__REQUIRED ACTION__
Set down the entries once more, exactly as given.

#### AVAILABLE DATA ####

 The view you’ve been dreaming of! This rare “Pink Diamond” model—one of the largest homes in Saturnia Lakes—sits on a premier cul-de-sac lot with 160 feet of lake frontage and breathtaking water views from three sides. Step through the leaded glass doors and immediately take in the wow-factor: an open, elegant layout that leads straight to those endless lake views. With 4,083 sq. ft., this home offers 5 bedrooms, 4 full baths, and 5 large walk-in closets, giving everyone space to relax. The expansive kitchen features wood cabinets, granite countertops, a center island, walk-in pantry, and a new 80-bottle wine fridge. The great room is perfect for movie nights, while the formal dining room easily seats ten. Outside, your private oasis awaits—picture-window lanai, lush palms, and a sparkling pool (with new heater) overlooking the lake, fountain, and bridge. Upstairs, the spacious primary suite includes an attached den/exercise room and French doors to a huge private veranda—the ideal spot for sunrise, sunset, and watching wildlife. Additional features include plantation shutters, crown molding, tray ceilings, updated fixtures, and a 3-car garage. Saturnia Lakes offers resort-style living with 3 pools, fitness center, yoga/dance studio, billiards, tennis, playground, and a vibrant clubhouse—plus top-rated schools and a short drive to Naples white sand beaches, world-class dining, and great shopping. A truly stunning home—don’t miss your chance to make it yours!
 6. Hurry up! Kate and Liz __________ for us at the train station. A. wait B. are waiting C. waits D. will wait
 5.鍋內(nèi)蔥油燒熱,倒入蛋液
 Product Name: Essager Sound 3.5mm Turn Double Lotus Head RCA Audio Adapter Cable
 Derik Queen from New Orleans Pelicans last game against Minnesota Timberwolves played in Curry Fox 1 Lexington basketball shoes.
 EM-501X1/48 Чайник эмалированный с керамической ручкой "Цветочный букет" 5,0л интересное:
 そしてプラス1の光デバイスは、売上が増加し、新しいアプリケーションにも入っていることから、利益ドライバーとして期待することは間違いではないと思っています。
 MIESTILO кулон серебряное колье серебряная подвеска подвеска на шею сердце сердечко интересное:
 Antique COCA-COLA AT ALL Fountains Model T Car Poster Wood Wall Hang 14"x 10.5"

####

__RESPONSE FOR THIS EXERCISE__
 The view you’ve been dreaming of! This rare “Pink Diamond” model—one of the largest homes in Saturnia Lakes—sits on a premier cul-de-sac lot with 160 feet of lake frontage and breathtaking water views from three sides. Step through the leaded glass doors and immediately take in the wow-factor: an open, elegant layout that leads straight to those endless lake views. With 4,083 sq. ft., this home offers 5 bedrooms, 4 full baths, and 5 large walk-in closets, giving everyone space to relax. The expansive kitchen features wood cabinets, granite countertops, a center island, walk-in pantry, and a new 80-bottle wine fridge. The great room is perfect for movie nights, while the formal dining room easily seats ten. Outside, your private oasis awaits—picture-window lanai, lush palms, and a sparkling pool (with new heater) overlooking the lake, fountain, and bridge. Upstairs, the spacious primary suite includes an attached den/exercise room and French doors to a huge private veranda—the ideal spot for sunrise, sunset, and watching wildlife. Additional features include plantation shutters, crown molding, tray ceilings, updated fixtures, and a 3-car garage. Saturnia Lakes offers resort-style living with 3 pools, fitness center, yoga/dance studio, billiards, tennis, playground, and a vibrant clubhouse—plus top-rated schools and a short drive to Naples white sand beaches, world-class dining, and great shopping. A truly stunning home—don’t miss your chance to make it yours!
 6. Hurry up! Kate and Liz __________ for us at the train station. A. wait B. are waiting C. waits D. will wait
 5.鍋內(nèi)蔥油燒熱,倒入蛋液
 Product Name: Essager Sound 3.5mm Turn Double Lotus Head RCA Audio Adapter Cable
 Derik Queen from New Orleans Pelicans last game against Minnesota Timberwolves played in Curry Fox 1 Lexington basketball shoes.
 EM-501X1/48 Чайник эмалированный с керамической ручкой "Цветочный букет" 5,0л интересное:
 そしてプラス1の光デバイスは、売上が増加し、新しいアプリケーションにも入っていることから、利益ドライバーとして期待することは間違いではないと思っています。
 MIESTILO кулон серебряное колье серебряная подвеска подвеска на шею сердце сердечко интересное:
 Antique COCA-COLA AT ALL Fountains Model T Car Poster Wood Wall Hang 14"x 10.5"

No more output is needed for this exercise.